A trip to Germany's largest theme park, Europa-Park, allows you to sample everything from Swiss alps to Spanish flamenco to Icelandic roller coaster thrills. Begun as a small amusement park in the 1970s in southwest Germany, the park has expanded multiple times throughout the years and each growth spurt has led to the addition of a new land.
Walking through the park, visitors can enjoy the different country themes, rides and attractions. If you're not sure what country you've wandered into, look up at the signs for a theme (like the Norwegian Fishing Village in Scandinavia) or look down at your feet where customized manholes are marked with city names throughout the park.
This overview of the different lands and attractions can help you make the most of your visit. Figure out if you want to hit old-school Germany first, or start in the heat of Spain. Do you want to lunch in Portugal or France? A helpful interactive map is also available on the main page to explore the park and bookmark favorite areas.
(Learn about the rest of the lands in part 2.)
Most visitors enter the park in "Germany" with a stroll down "Deutsche Allee". Full of shops, cafes and the architecture of southern Germany, this is the oldest section of the part.
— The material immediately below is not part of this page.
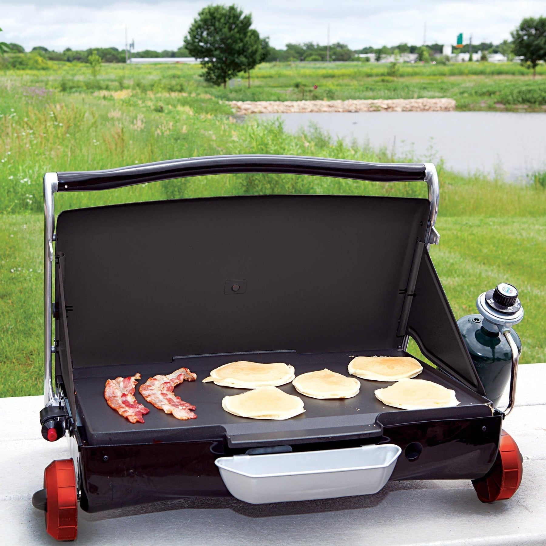 George Foreman GP200R Portable Propane Camp & Tailgate Grill, Portable Gas Grill, Camping Grill, Red

The original grounds are a bit old-fashioned, yet still charming. Those in search of the big rides (like me) might be tempted to rush past, but this is the perfect area for smaller riders and those looking for a quiet corner of the park.
Visitors can see Russia's impressive Mack-made Euro-Mir roller coaster before entering this foreign land. A bizarre skyscraper a building, the bulk of this structure is a spinning roller coaster based around Russian space travel.
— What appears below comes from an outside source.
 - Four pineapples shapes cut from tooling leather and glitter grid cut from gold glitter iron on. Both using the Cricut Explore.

Techno music emanates from this edifice of steel and light and follows riders up the spiraling entry. Once you have been safely secured within the car, there is a dark, ominous climb toward the top with the car eventually popping out on the tracks high above the park. If you can keep your eyes open as you spin at great heights, this is one of the best views of the park.
If you prefer a ride that shouldn't be followed with a vodka shooter to calm your nerves, there are also handcrafts, a children's car ride and a snowflake ride through the Siberian landscape.
A walk through Italy is centered on the seven meter high Fontana di Paradiso in the middle of the lake. Piccolo Mondo is a guided ride by Enzo the parrot through Pisa, Venice and Florence. If you prefer something a little more thrilling, the Geisterschloss (Ghost Castle) can inspire fear in younger visitors.
And what to eat? Pizza! What else at Pizzeria Venezia?
Another of the park's star rides can be found here. The Silver Star is Europe's second highest (239ft tall) and fifth fastest roller coaster (top speed of 78mph).
The eye-catching EuroSat is another high-stakes thrill ride of an indoor coaster that looks suspiciously like Walt Disney World's Epcot. It is - like the Eur-Mir - themed around space travel.
Prefer something prehistoric? The Universe of Energy provides a cheesy and enjoyable dinosaur themed ride.
Take a break at this mid-way point to glide gently upwards on the Euro-Tower for a spectacular view of the park.
Just like London, the England area is full of attractions. Mostly family friendly, these include the Queens Diamonds laser gun game, Silverstone Race Track, British Carousel, London Bus (magic carpet ride), Historama Museum (history of Europa-Park) and the Globe Theater show venue.
One of the best interpretations of a theme, this area tackles all of Scandinavia rather then the individual countries that make-up the region. True to form, there is Fjord-Rafting, a Norwegian Church and a complete Fishing Village.
For a little action, take a giant swing on the Viking ship, Vindjammer.